**Extracted records**
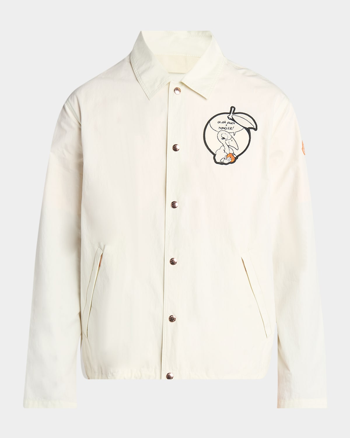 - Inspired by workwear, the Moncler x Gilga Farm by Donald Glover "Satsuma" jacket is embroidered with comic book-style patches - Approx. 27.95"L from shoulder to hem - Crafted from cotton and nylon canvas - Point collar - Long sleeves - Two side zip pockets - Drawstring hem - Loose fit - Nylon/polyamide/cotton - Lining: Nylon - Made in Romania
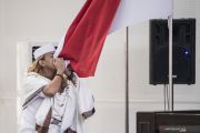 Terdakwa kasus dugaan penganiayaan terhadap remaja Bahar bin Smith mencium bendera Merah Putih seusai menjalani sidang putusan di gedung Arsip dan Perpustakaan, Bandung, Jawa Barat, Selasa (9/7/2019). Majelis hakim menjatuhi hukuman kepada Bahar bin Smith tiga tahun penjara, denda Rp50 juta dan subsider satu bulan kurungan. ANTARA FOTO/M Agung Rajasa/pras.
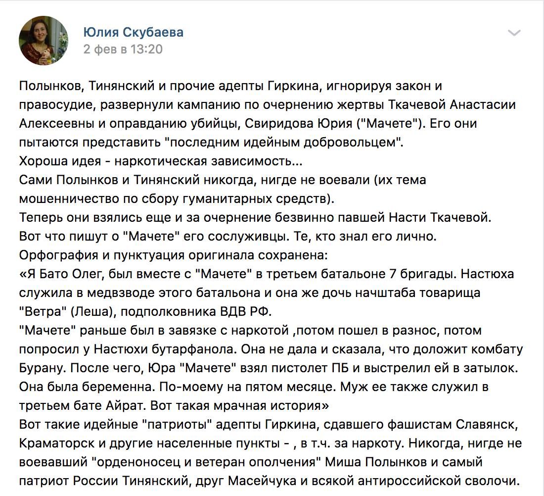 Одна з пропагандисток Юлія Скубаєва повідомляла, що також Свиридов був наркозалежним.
==
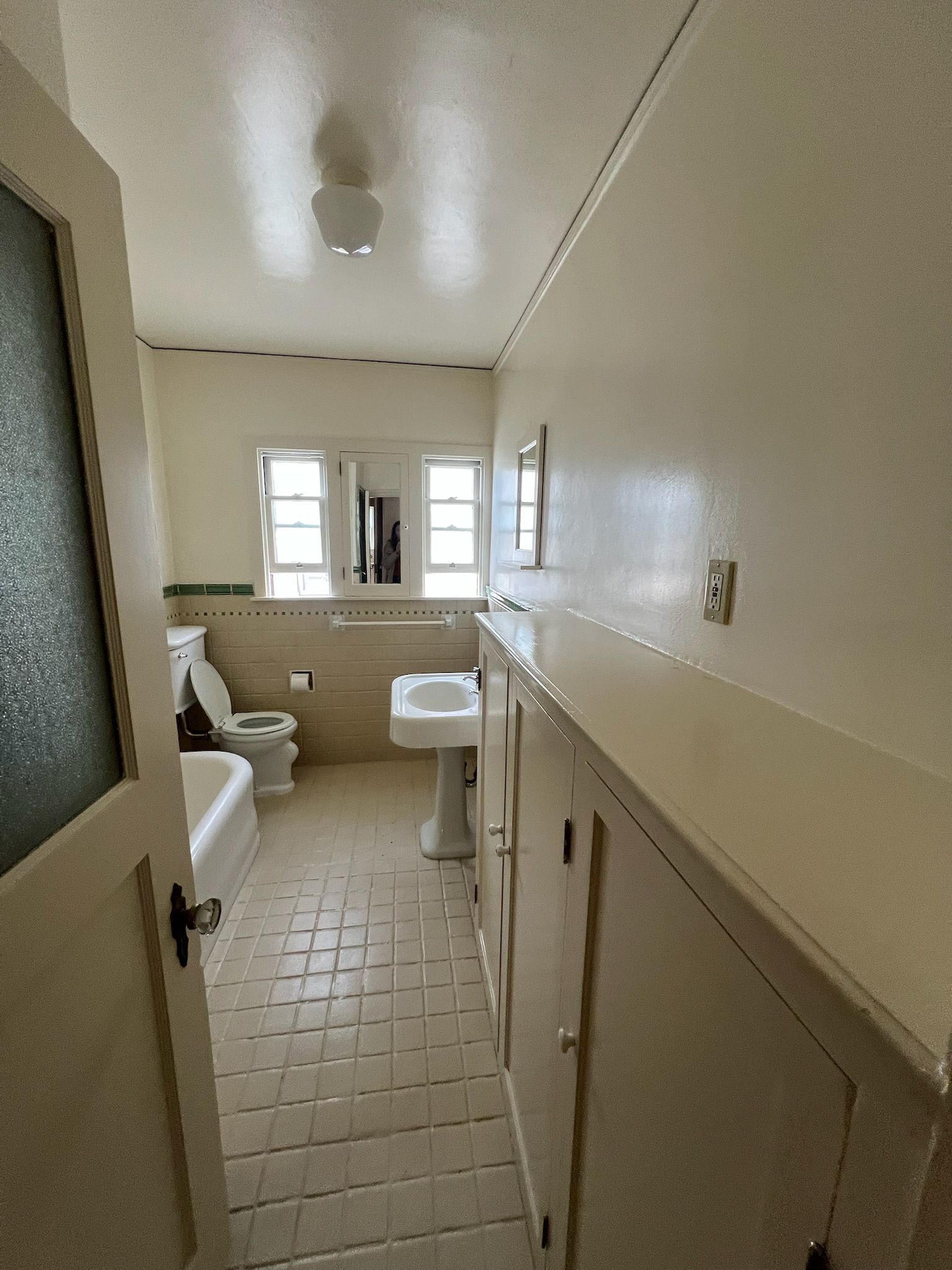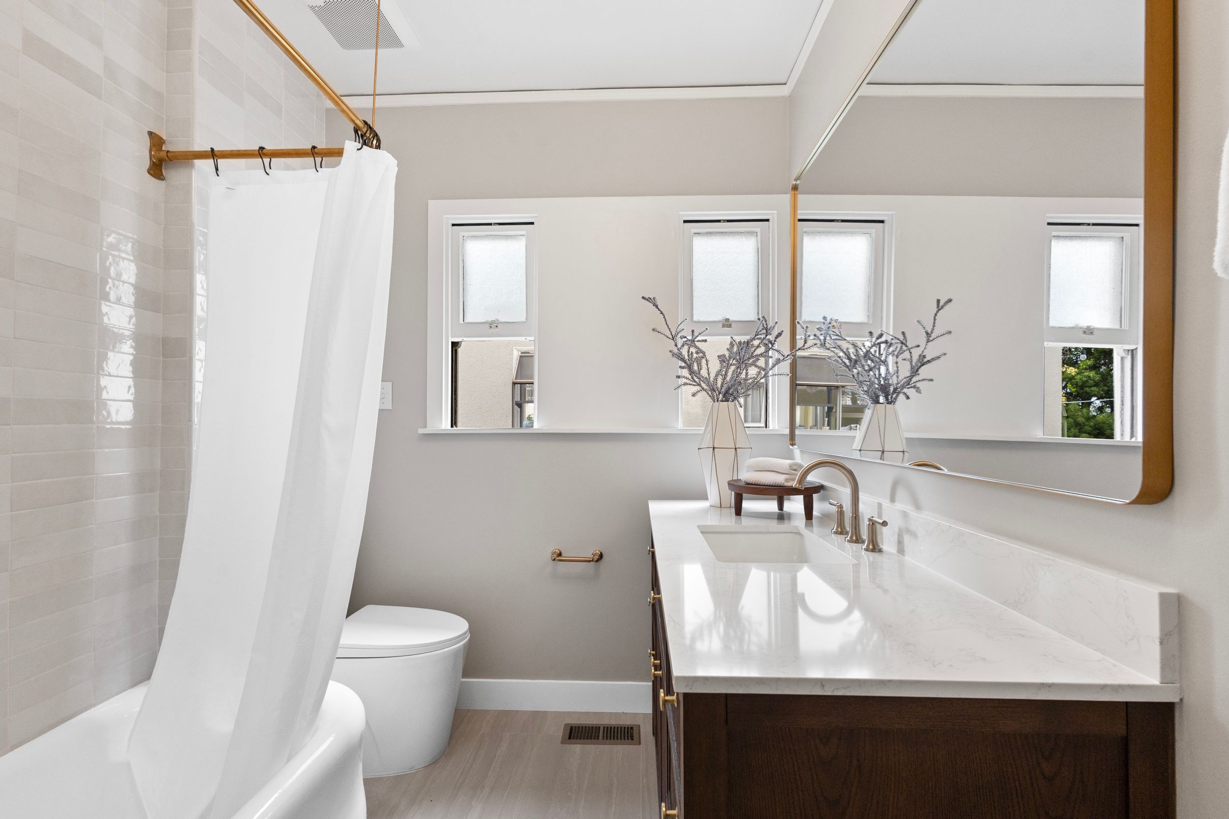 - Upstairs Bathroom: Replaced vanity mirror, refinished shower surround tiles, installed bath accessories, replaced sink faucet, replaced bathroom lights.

**Your goal**
Above are the records; please give again, exactly and in full, only the lines that run from the line with "- Inspired by" through the line with "Одна з пропагандисток", with no pictures.

**Answer to the exercise**
 - Inspired by workwear, the Moncler x Gilga Farm by Donald Glover "Satsuma" jacket is embroidered with comic book-style patches - Approx. 27.95"L from shoulder to hem - Crafted from cotton and nylon canvas - Point collar - Long sleeves - Two side zip pockets - Drawstring hem - Loose fit - Nylon/polyamide/cotton - Lining: Nylon - Made in Romania
 Terdakwa kasus dugaan penganiayaan terhadap remaja Bahar bin Smith mencium bendera Merah Putih seusai menjalani sidang putusan di gedung Arsip dan Perpustakaan, Bandung, Jawa Barat, Selasa (9/7/2019). Majelis hakim menjatuhi hukuman kepada Bahar bin Smith tiga tahun penjara, denda Rp50 juta dan subsider satu bulan kurungan. ANTARA FOTO/M Agung Rajasa/pras.
 Одна з пропагандисток Юлія Скубаєва повідомляла, що також Свиридов був наркозалежним.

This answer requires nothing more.